[DATA TO USE Boundary: Start]

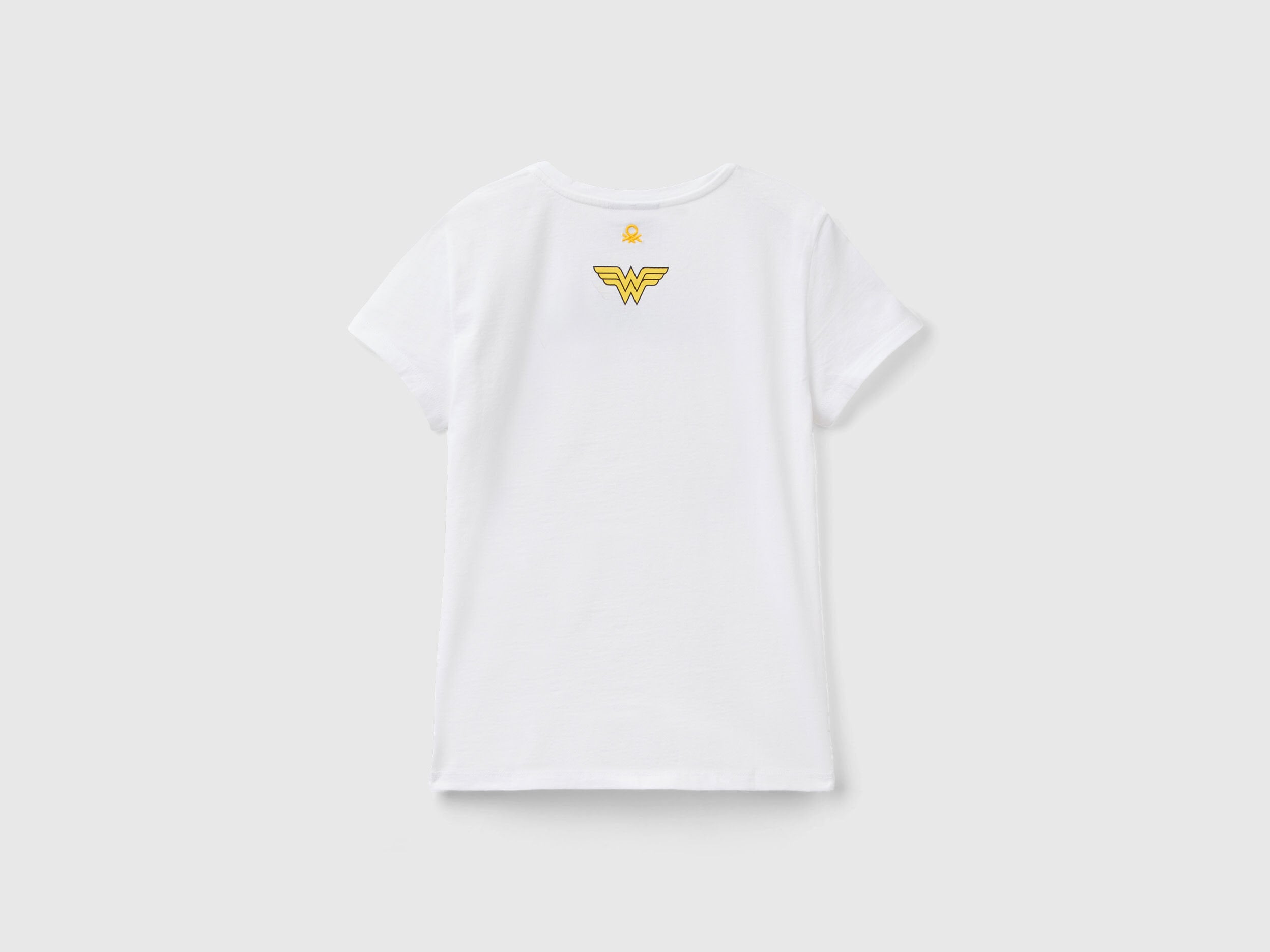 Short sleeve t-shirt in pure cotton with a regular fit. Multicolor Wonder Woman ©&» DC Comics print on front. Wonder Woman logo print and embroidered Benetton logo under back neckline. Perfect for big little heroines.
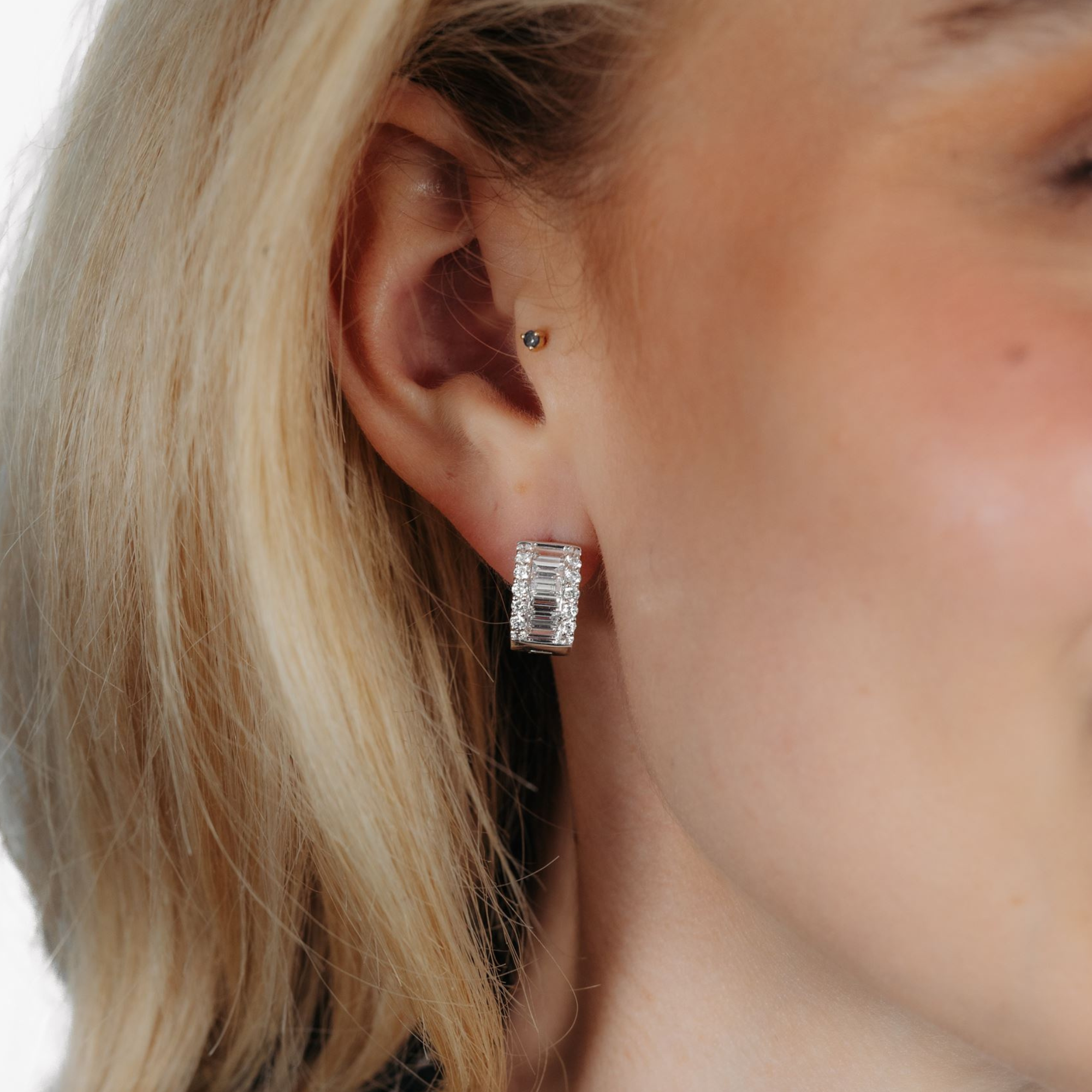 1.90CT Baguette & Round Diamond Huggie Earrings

[DATA TO USE Boundary: End]
[DATA TO USE Boundary: Start]

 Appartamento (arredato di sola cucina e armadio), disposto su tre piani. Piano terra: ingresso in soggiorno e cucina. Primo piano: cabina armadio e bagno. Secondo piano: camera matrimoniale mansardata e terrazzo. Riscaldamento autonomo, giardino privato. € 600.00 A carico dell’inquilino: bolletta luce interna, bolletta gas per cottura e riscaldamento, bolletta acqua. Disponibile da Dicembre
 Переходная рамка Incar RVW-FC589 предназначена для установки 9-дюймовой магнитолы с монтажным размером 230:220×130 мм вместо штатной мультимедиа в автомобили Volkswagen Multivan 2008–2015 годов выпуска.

[DATA TO USE Boundary: End]
[DATA TO USE Boundary: Start]

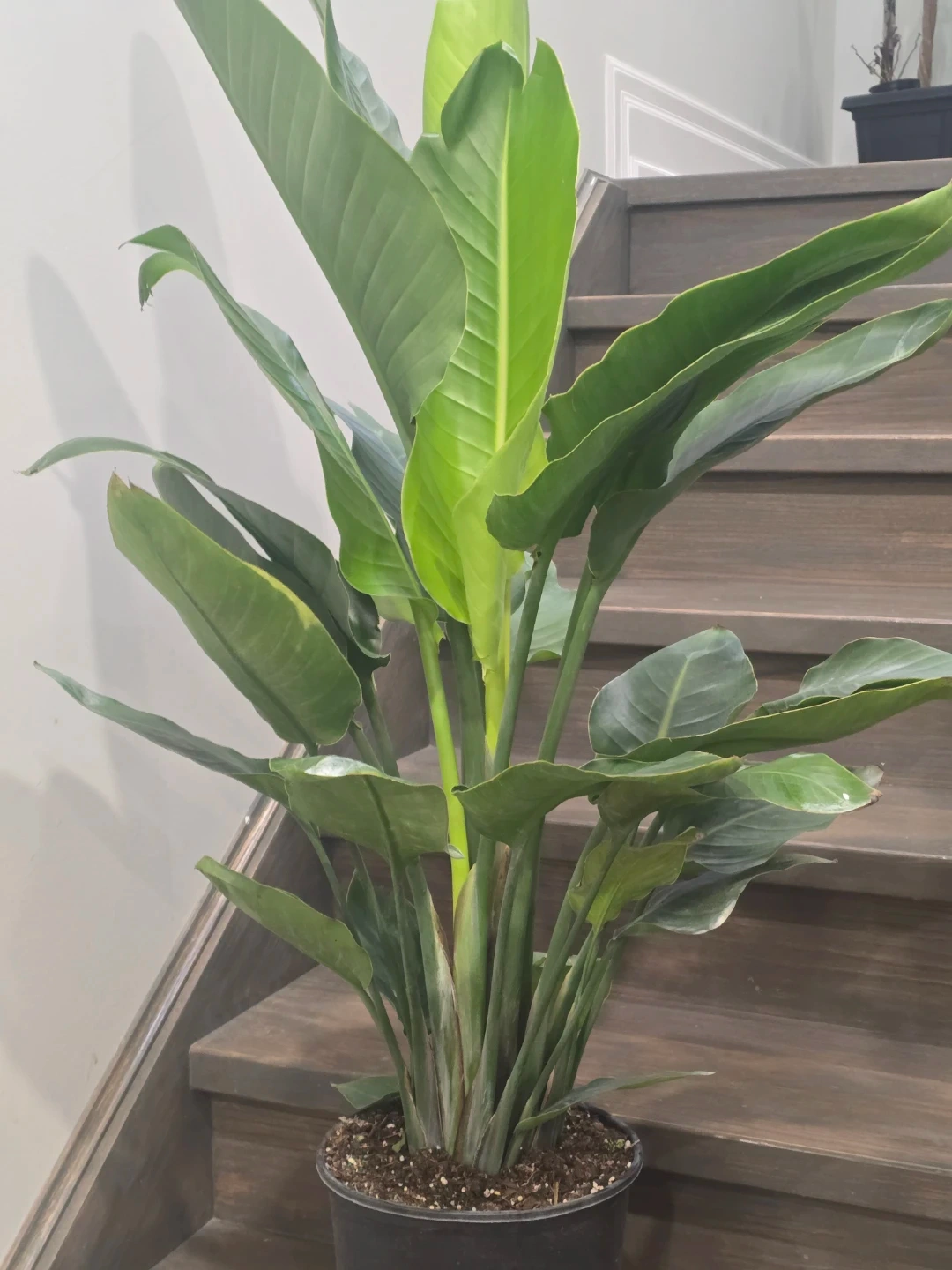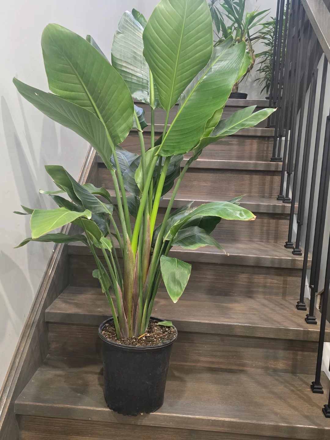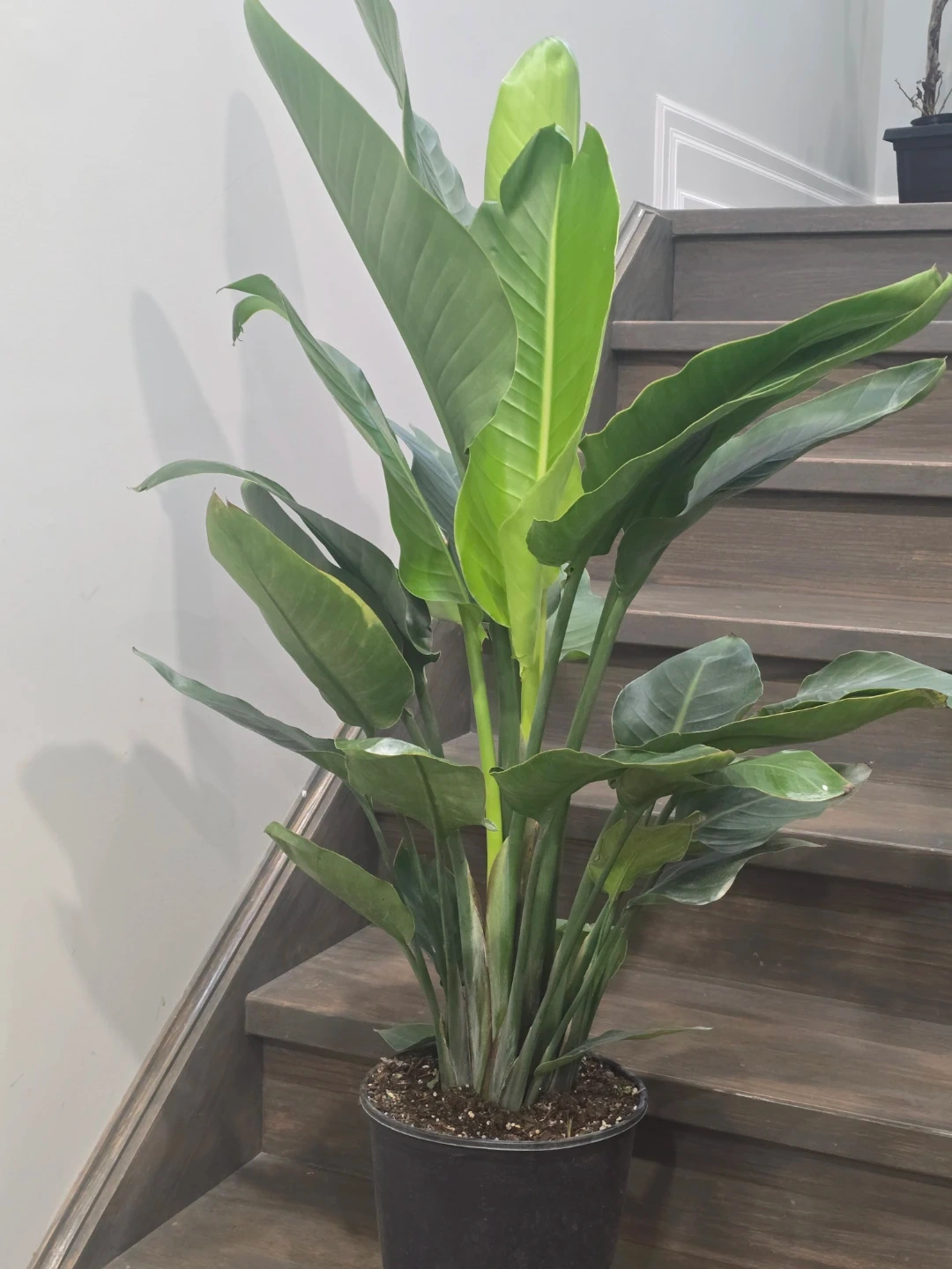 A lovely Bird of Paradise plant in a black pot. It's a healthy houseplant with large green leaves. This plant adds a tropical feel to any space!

[DATA TO USE Boundary: End]

◆ **THE TASK**
Using the data above, retype exactly the lines from the line with "Short sleeve t-shirt" to the line with "1.90CT Baguette &", inclusive. No pictures and nothing else.

◆ **TASK SOLUTION**
 Short sleeve t-shirt in pure cotton with a regular fit. Multicolor Wonder Woman ©&» DC Comics print on front. Wonder Woman logo print and embroidered Benetton logo under back neckline. Perfect for big little heroines.
 1.90CT Baguette & Round Diamond Huggie Earrings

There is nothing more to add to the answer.